I know there are a lot of other posts about parsing comma-separated values, but I couldn't find one that splits key-value pairs and handles quoted commas.
我有这样的字符串:
age=12,name=bob,hobbies="games,reading",phrase="I'm cool!"
我想得到这个:
{
'age': '12',
'name': 'bob',
'hobbies': 'games,reading',
'phrase': "I'm cool!",
}
我尝试这样使用shlex
:
lexer = shlex.shlex('''age=12,name=bob,hobbies="games,reading",phrase="I'm cool!"''')
lexer.whitespace_split = True
lexer.whitespace = ','
props = dict(pair.split('=', 1) for pair in lexer)
问题在于shlex
会将hobbies
条目拆分为两个令牌,即hobbies="games
和reading"
.有没有办法使双引号考虑在内?还是我可以使用另一个模块?
The trouble is that shlex
will split the hobbies
entry into two tokens, i.e. hobbies="games
and reading"
. Is there a way to make it take the double quotes into account? Or is there another module I can use?
修复了whitespace_split
我不依赖于使用shlex
.正则表达式也很好,但是我不知道如何处理匹配的引号.
EDIT 2: I'm not tied to using shlex
. Regex is fine too, but I didn't know how to handle the matching quotes.
推荐答案
您只需要在POSIX模式下使用shlex
词法分析器即可.
You just needed to use your shlex
lexer in POSIX mode.
在创建词法分析器时添加posix=True
.
Add posix=True
when creating the lexer.
(请参见 shlex解析规则)
lexer = shlex.shlex('''age=12,name=bob,hobbies="games,reading",phrase="I'm cool!"''', posix=True)

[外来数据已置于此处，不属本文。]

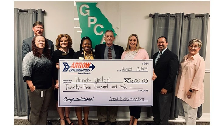 ATLANTA – Atlanta-based Arrow Exterminators recently announced their pledged donation to The Hands United Foundation that was created by the Georgia Pest Control Association (GPCA) in 2017. Arrow has committed to donate $5,000 each year for the next five years, to equal $25,000, in order to benefit families of the GPCA, the Certified Pest Control Operators of Georgia, and the general Georgia pest control industry that have been affected by catastrophic or life changing events.
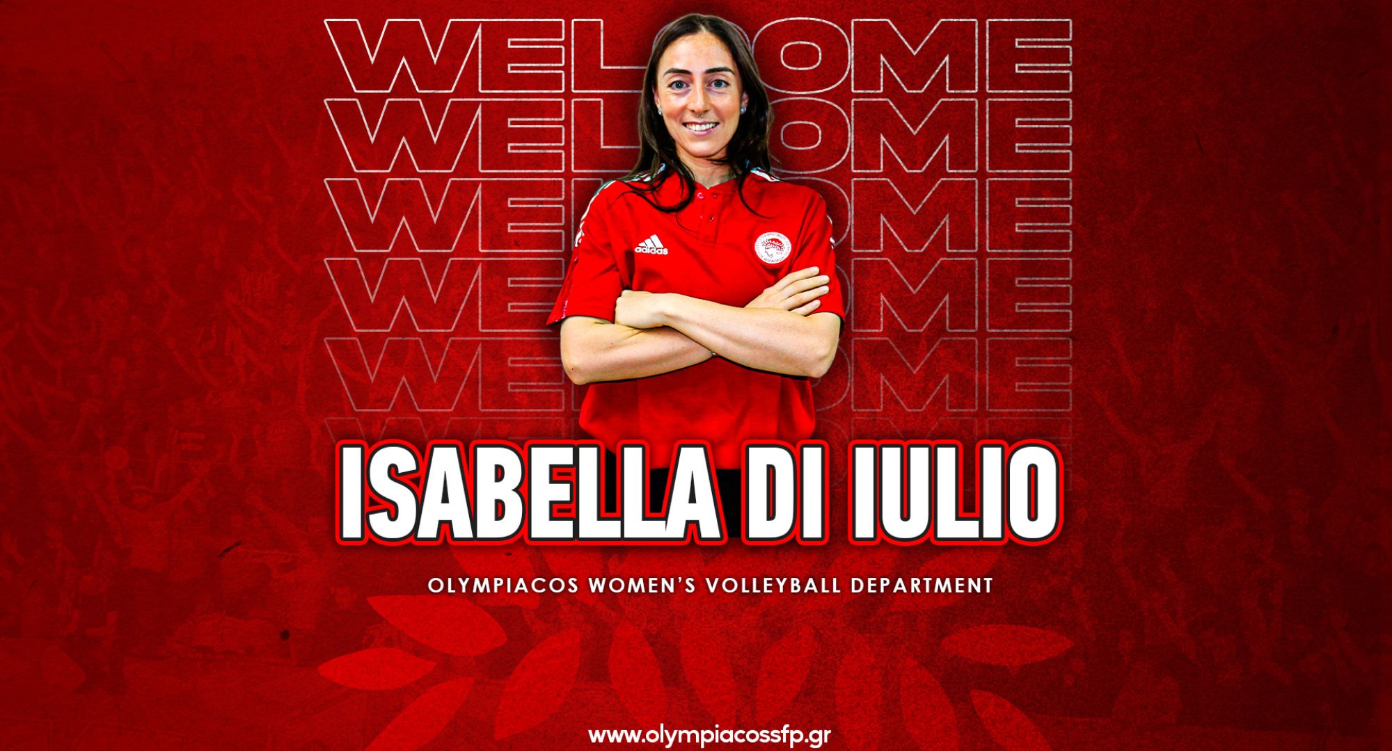 Ο ΟΛΥΜΠΙΑΚΟΣ Σ.Φ.Π. ανακοινώνει την έναρξη της συνεργασίας του με την Ιζαμπέλα Ντι Ιούλιο. Η Ιταλίδα πασαδόρος (ημ. γέννησης 26/11/1991, 1,75μ.) υπέγραψε το νέο της συμβόλαιο και εντάσσεται στο ρόστερ της ομάδας βόλεϊ Γυναικών του συλλόγου.
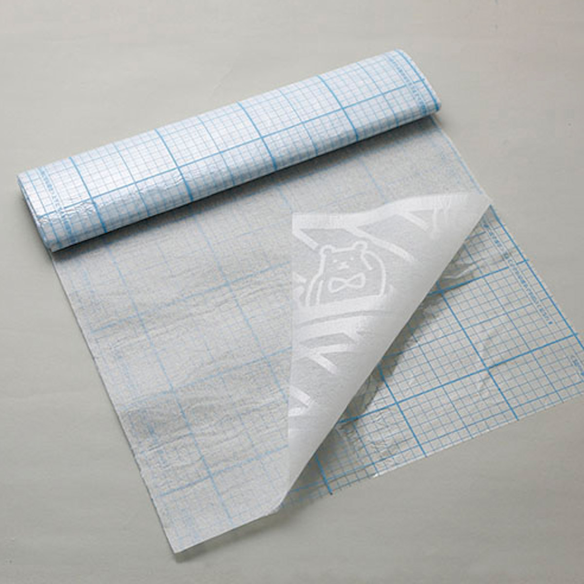 ●カットの目安と通気の妨げにならない粘着デザインです。
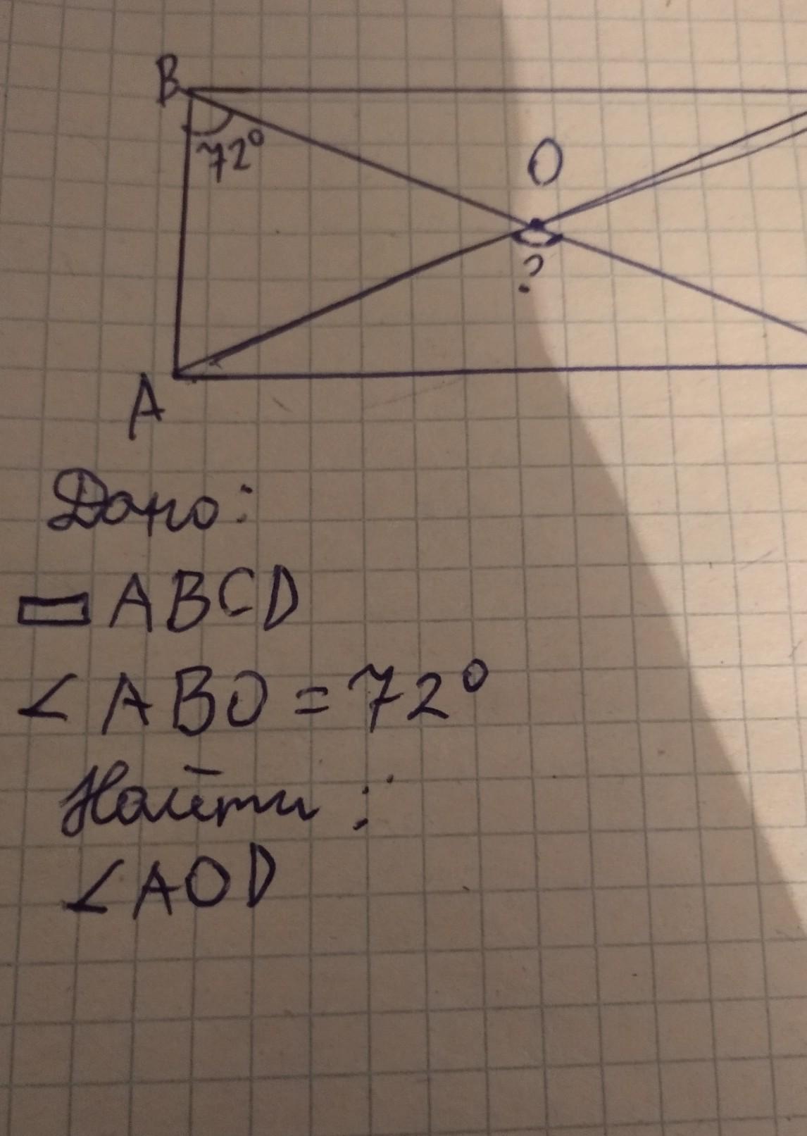 Так как углы прямоугольника равны 90°, а нам известно что угол ABO = 72°, то 90-72=18. Угол ОBA = BAO значит треугольник ВОА равнобедренный, а сумма углов треугольника равна 180°, 180-72×2=36. 180-36=144
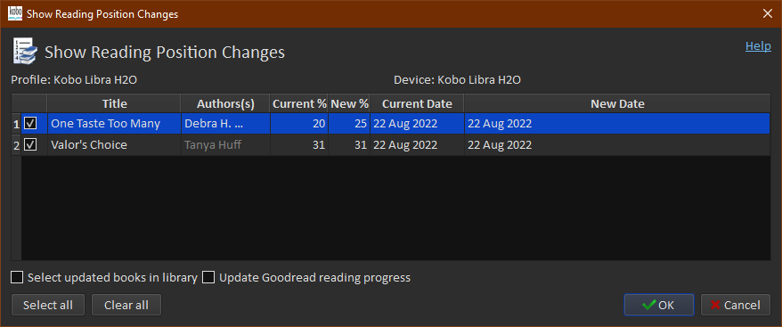While fetching reading status with 'prompt to store,' I unchecked one of the books (opened by mistake). However, it stored the new reading date anyways. I'm hoping I just misclicked and re-checked it, but it's also possible that all the changes to Calibre broke it. Last edited by ownedbycats; 08-21-2022 at 03:02 PM. |
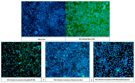 Fluorescence microscopy analysis. FITC (green)—RSV; and DAPI (blue)—HEP-2 cell nucleus. In liposomes and RF-482 liposomes, the blue color represents the survived cells, and the green color represents the presence of RSV.
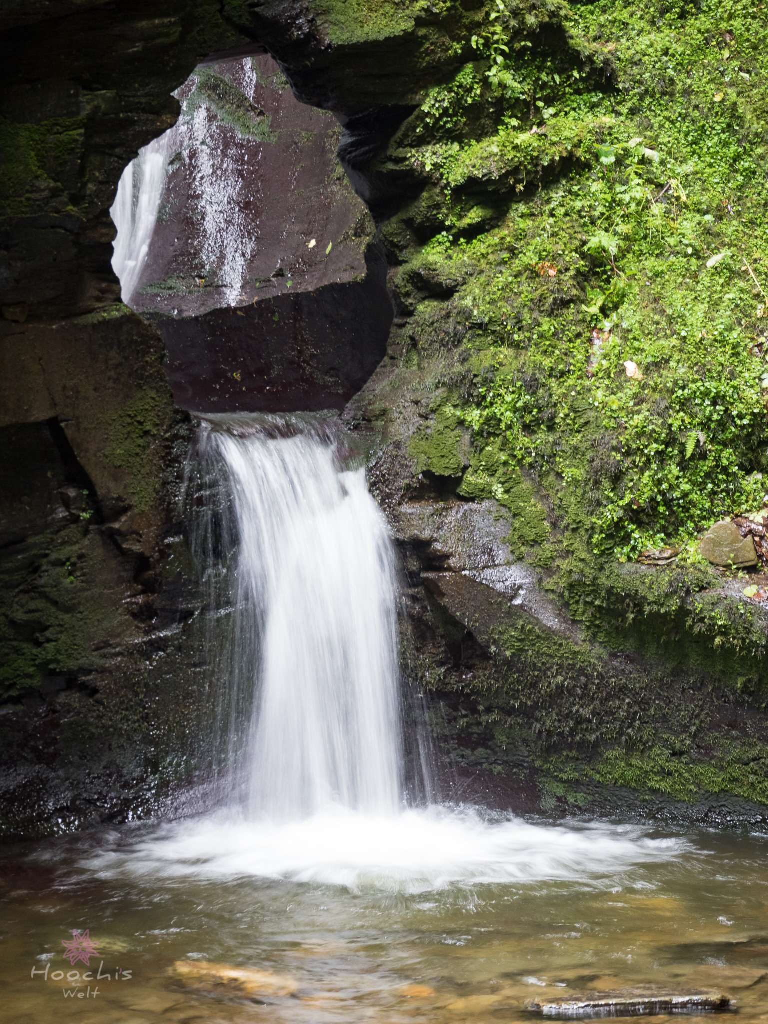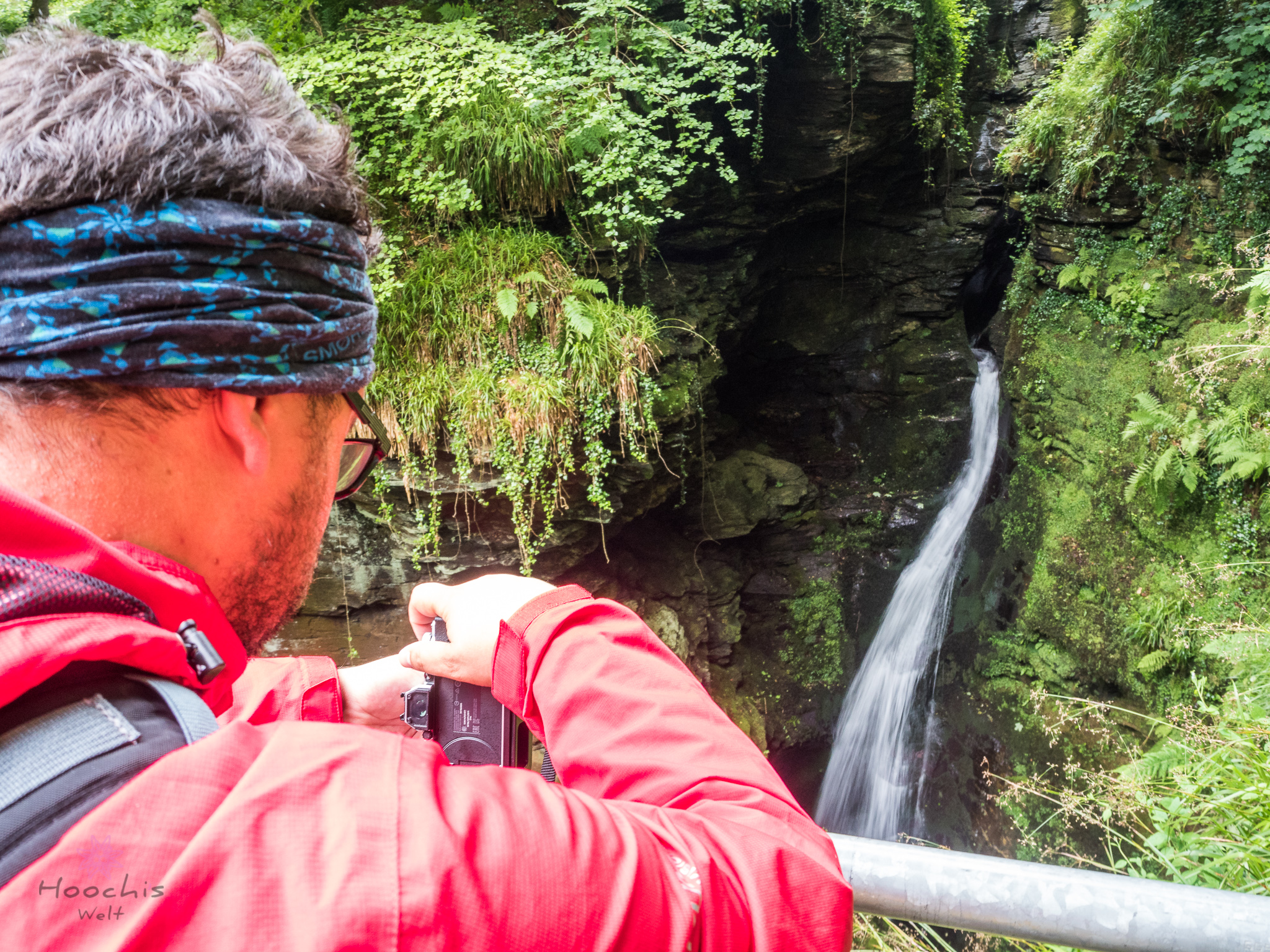 Am Wasserfall angekommen leisteten wir uns die £5.95 p.P und konnten beide Wasserfälle betrachten. Die Gummistiefel, die uns mehrmals angeboten wurden lehnten wir ab. Wir hatten ja wasserdichtes Schuhwerk. Die Aufmerksamkeit von Flo war auf den Wasserfall gerichtet und ich kümmerte mich mehr um das drum herum. Mir reichen 2-3 Fotos vom Wasserfall.
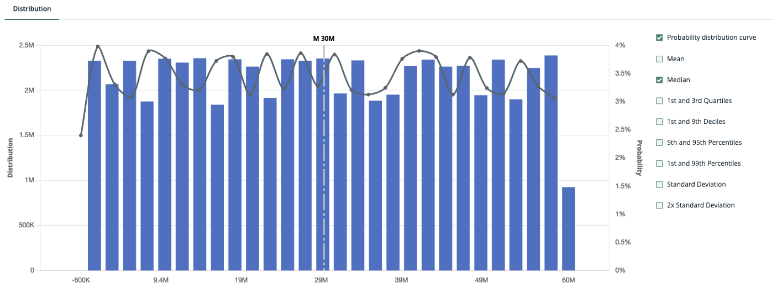 In this chart, you can receive extra information such as the mean, standard deviation and so on, by selecting the option at the right of the chart.
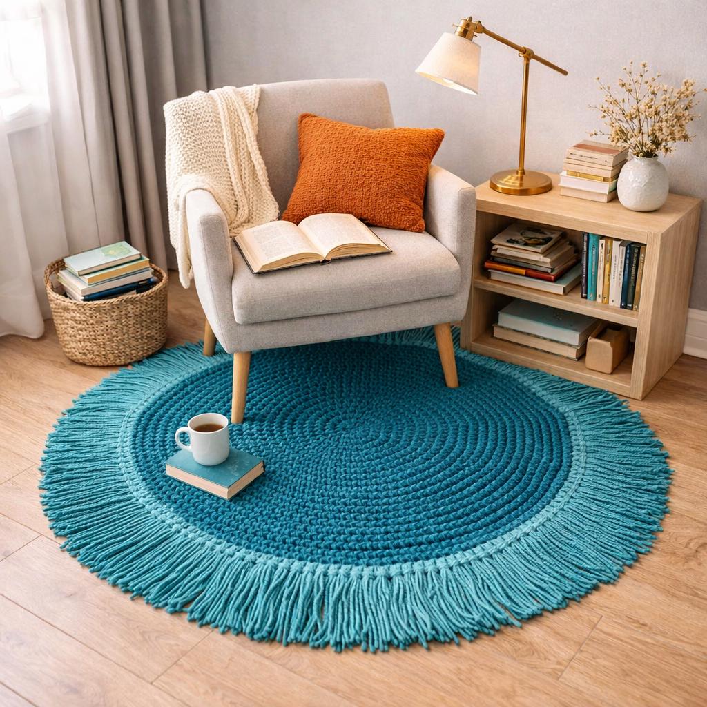 Round Fringe Rug Crochet Pattern PDF - Stylish Boho Crochet Rug Design Create a cozy and stylish hom...

lexer.whitespace_split = True
lexer.whitespace = ','
props = dict(pair.split('=', 1) for pair in lexer)
输出:
{'age': '12', 'phrase': "I'm cool!", 'hobbies': 'games,reading', 'name': 'bob'}
PS:只要输入可以包含带引号的=
或,
字符,则正则表达式将无法解析键值对.即使预处理字符串,也无法使输入由正则表达式进行解析,因为不能将这种输入形式化地定义为正则语言.
PS : Regular expressions won't be able to parse key-value pairs as long as the input can contain quoted =
or ,
characters. Even preprocessing the string wouldn't be able to make the input be parsed by a regular expression, because that kind of input cannot be formally defined as a regular language.
这篇关于如何用引号将逗号分隔的键值对拆分的文章就介绍到这了,希望我们推荐的答案对大家有所帮助,也希望大家多多支持IT屋!